5. Employ the full range of analytical perspectives and decision aids from natural and social sciences and the humanities in weather-readiness policymaking. The natural scientists, engineers and service providers issuing and passing along weather warnings need to be as disciplined in communicating to the public and other end users as they are about the science of meteorology and forecast techniques. Local political- and public-sector leaders need to be as disciplined in preparing their communities for weather extremes as they are about raising campaign funds and tending to their local economies. They shouldn’t attempt to wing it, or even to learn this broad range of social science disciplines themselves. Instead they need to develop a skill for partnering up with experts. That cuts both ways, doesn’t it? Social scientists need to be disciplined in working with leaders in the media-glare and no-second-chances atmosphere of the political arena.
6. Design weather-readiness measures for real world conditions rather than try to make the world conform to any particular normative model of how weather-readiness and societal response to warnings should work. 20th-century ideas such as “there needs to be one official forecast and everyone needs to follow the instructions of local emergency managers” remain attractive notions…but they sure have gotten more difficult to exercise in the event, when people are immersed in an information soup of cacophonous, often conflicting messages.
7. Incorporate weather-readiness into other more immediate issues, such as the economy, education, and public health. Amen. It’s easy in the weather-warning world as in the climate-change world to see our issue as central to human affairs. But the fact is, most days, people are far more concerned about jobs, their kids’ schooling, and their access to needed health care than a rare and distant weather hazard or a decade-on-decade drift in the climate. It’s essential for readiness to build the latter into the former, instead of treating them as separate, competing concerns.

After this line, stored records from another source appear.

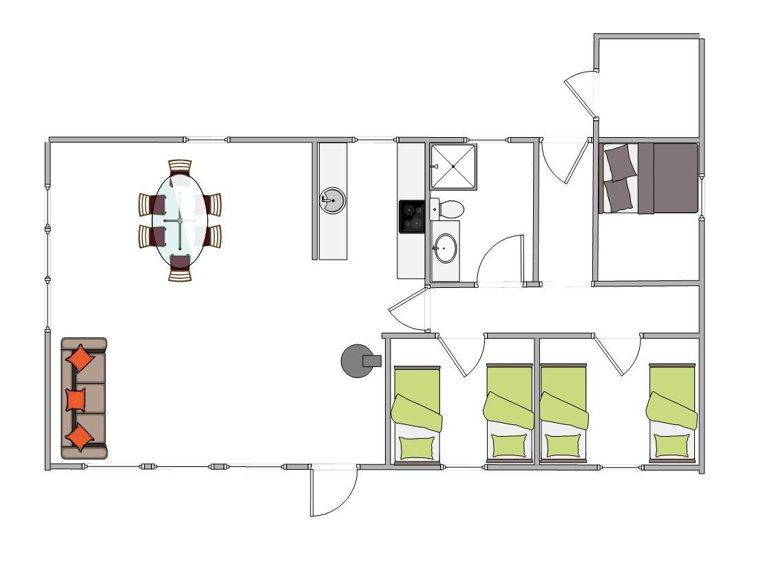 Dazu könnt ihr euch den Kamin anmachen, was für eine noch gemütlichere Stimmung sorgt. Die 6 Schlafplätze verteilen sich auf 3 Schlafräume; zwei Zimmer mit jeweils zwei Einzelbetten und eins mit Doppelbett.
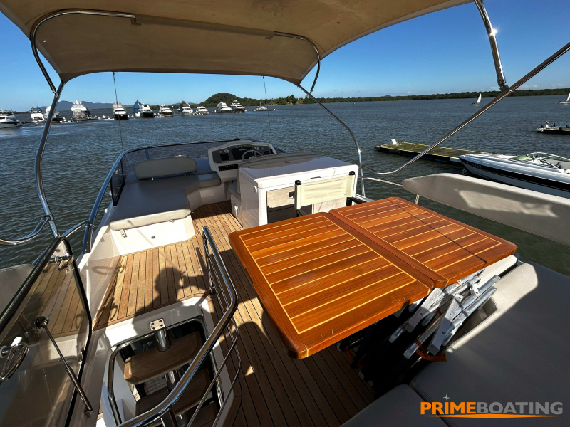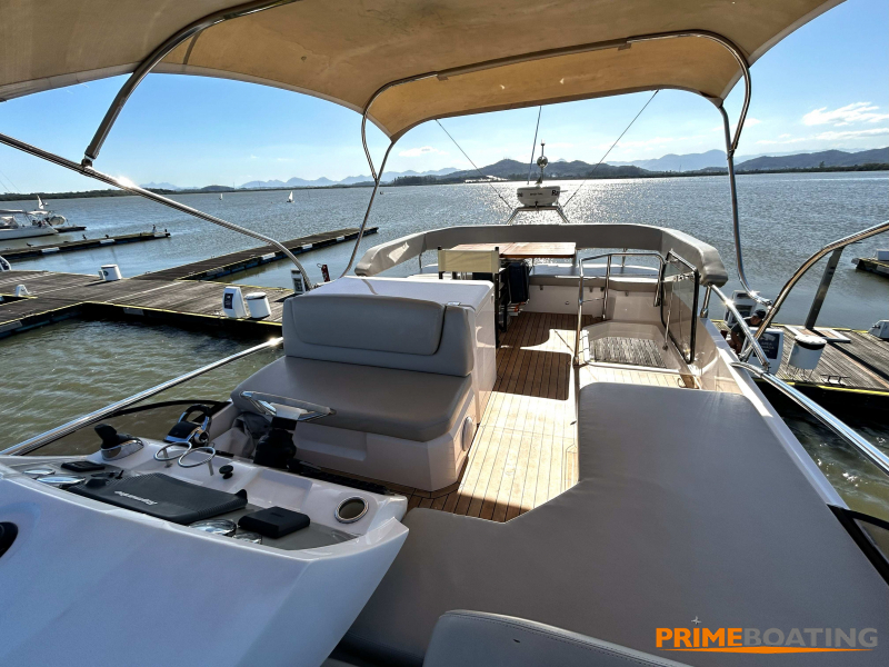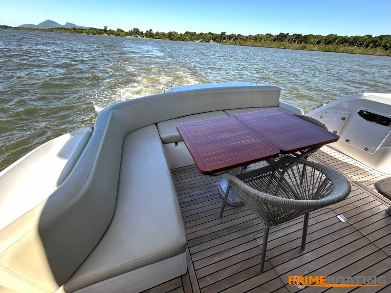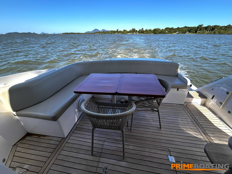 - • Display GPS Raymarine | • Radar Raymarine | • Joystick de manobra | • Farol controle remoto | • Espaço Gourmet com grill na popa | • Guincho de âncora elétrico | • Flaps hidráulicos | • TV na suíte master | • TV na cabine de convidados | • TV no salão | • Teka no fly | • Bimini top no fly | • Toldo na praça de popa | • Fechamento integral do cockpit | • Boiler | • Porta defensas em inox | • Plataforma de popa hidráulica |
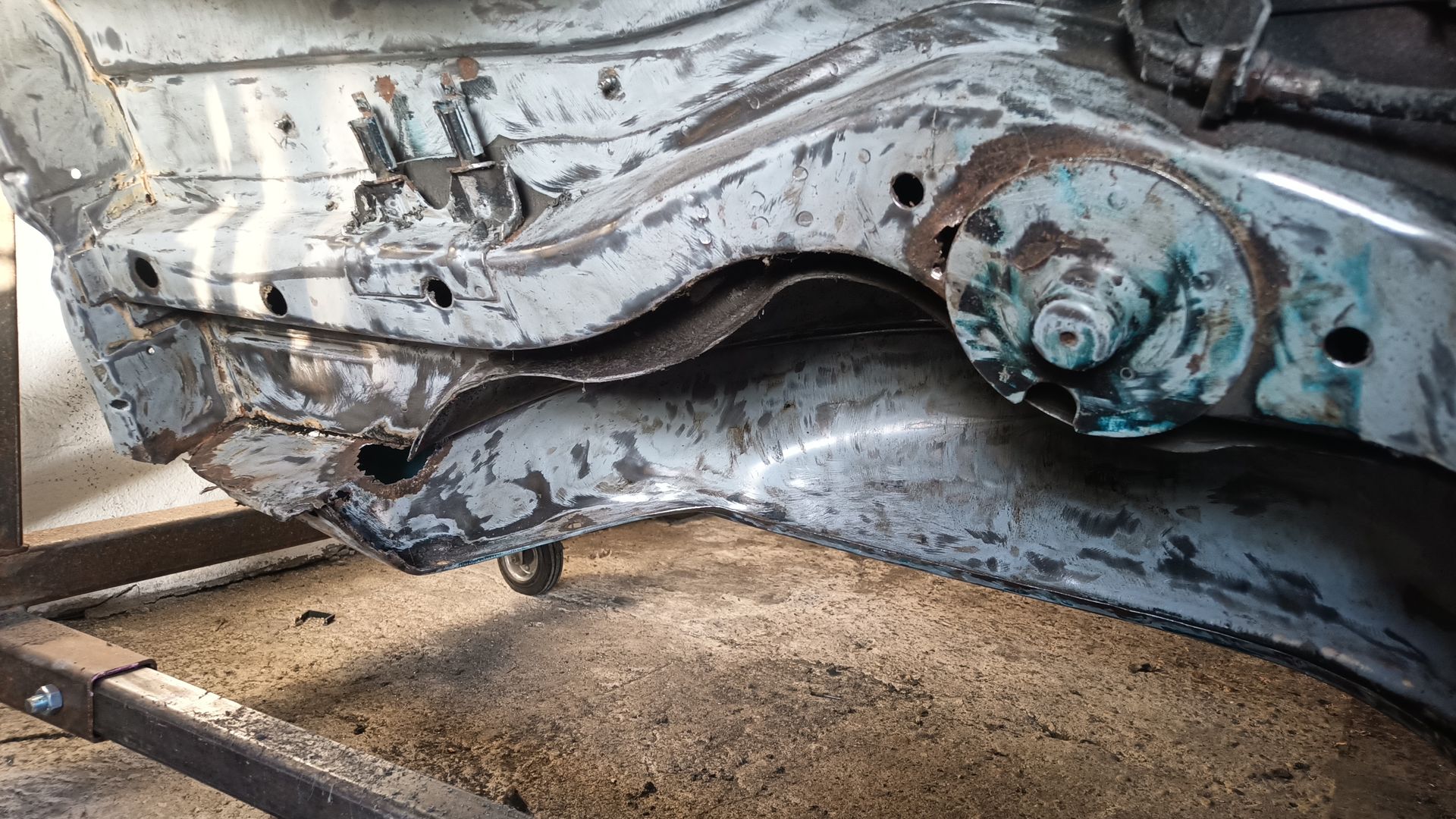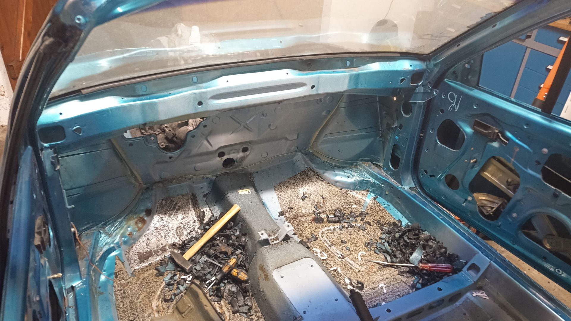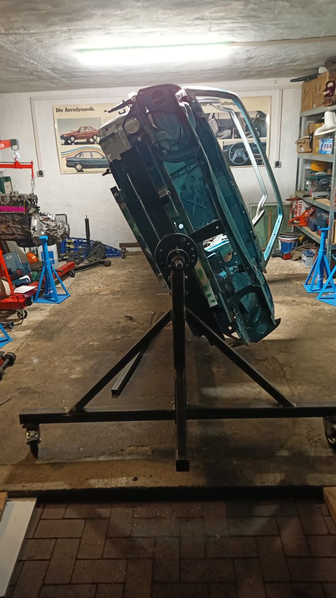 Motor und Achsen kommen noch raus, dann Trockeneisstrahlen, dann Karosseriebauer und Lackierer.

8. Take a regional and local approach to weather-readiness. When it comes to weather hazards, one size doesn’t fit all. The blend of hazard, economy, demographics, and politics varies dramatically from town to town and city to city. As a result, “weather-ready” means something quite different from place to place.

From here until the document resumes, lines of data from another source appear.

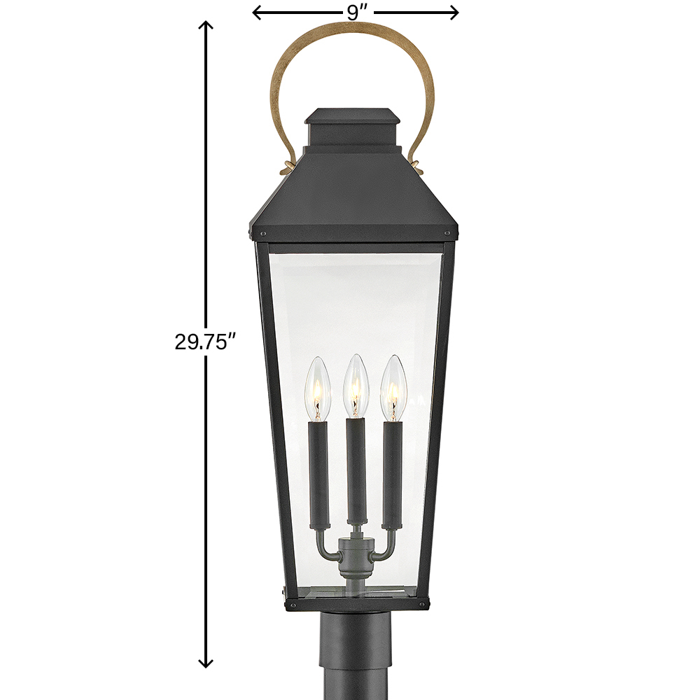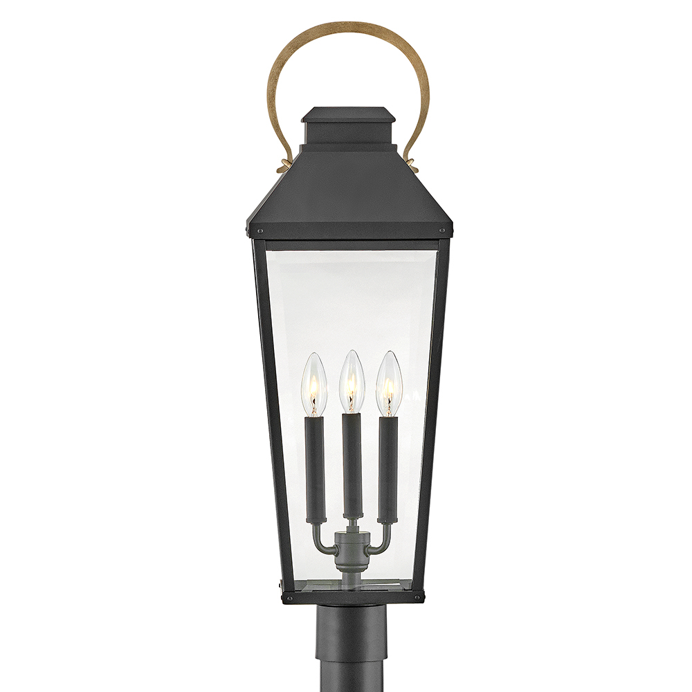 Dawson flaunts a versatile design with flair. A slightly tapered silhouette reveals simple lines that seamlessly frame clear beveled glass. Constructed of durable aluminum in Black, Dawson is complete with an oversized arching handle in a contrasting Burnished Bronze finish, reinforcing its transitional appeal.
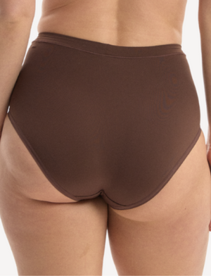 Meet Nala Bio High Waist High Leg Brief in Chocolate Mousse! With a perfect high waist and soft band, it also flaunts high cut legs to showcase your assets. Made from Nala's silky smooth bio butter, this brief is a must-have for your wardrobe.
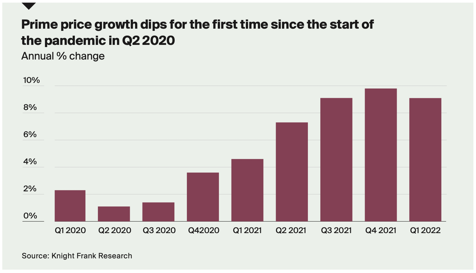 Despite robust price growth across multiple markets in the past 12 months, Knight Frank’s report also reveals that overall quarter-on-quarter prime price growth cooled for the first time since the start of the pandemic, although on average prime cities continue to register 9% annual growth.
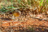 The brown thornbill, Acanthiza pusilla, a passerine bird, resting on the ground in the undergrowth. Desert Park at Alice Springs, MacDonnell Ranges in Northern Territory, Australia.
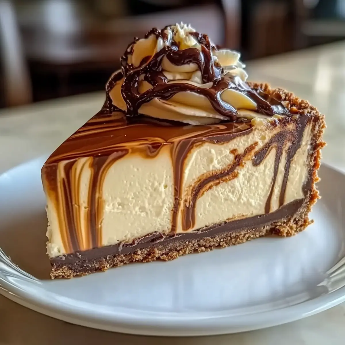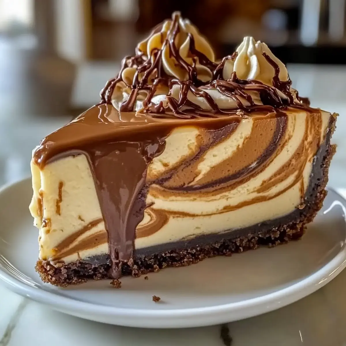 When ready to serve, remove the cheesecake from the springform pan. Top with optional whipped cream, a dusting of cocoa powder, or chocolate shavings for an elegant finish. Each slice will reveal the beautiful marbling and rich flavor of your homemade delight, making it a perfect end to any meal!

9. Direct resources into identifying vulnerability and promoting resilience, especially where the impacts will be largest. Weather-readiness begins when the hazardous event is years out. By the time the hazard is imminent, the community fate has largely been determined – for better or worse. Few options remain.
10. Use a pluralistic approach to decision-making. This one didn’t need any changes, did it?
The recasting turned out to be slight, almost trivial. You might think this is more than a bit glib. True enough. But before being too quick to judge (and dismissive), think a little bit more about each of these points. Ask yourself whether they don’t add up to good sense.
Two larger ideas should emerge from this thought exercise: (1) One reason that the Rayner-Malone suggestions for policymakers with regard to climate change resonate so well today is that they’re more in the nature of fundamental precepts than targeted social fixes, or bandaids. (2) It’s precisely their universal nature that make them such a useful starting point. The workshop summaries from Norman do and will contain a lot of important specifics. But we shouldn’t lose sight of general principles such as these along the way.
As indicated at the beginning of the post…this is just a quick and dirty strawman, done by just one person in a bit of a hurry. You can do better! And as you come up with ideas, please share with the rest of us.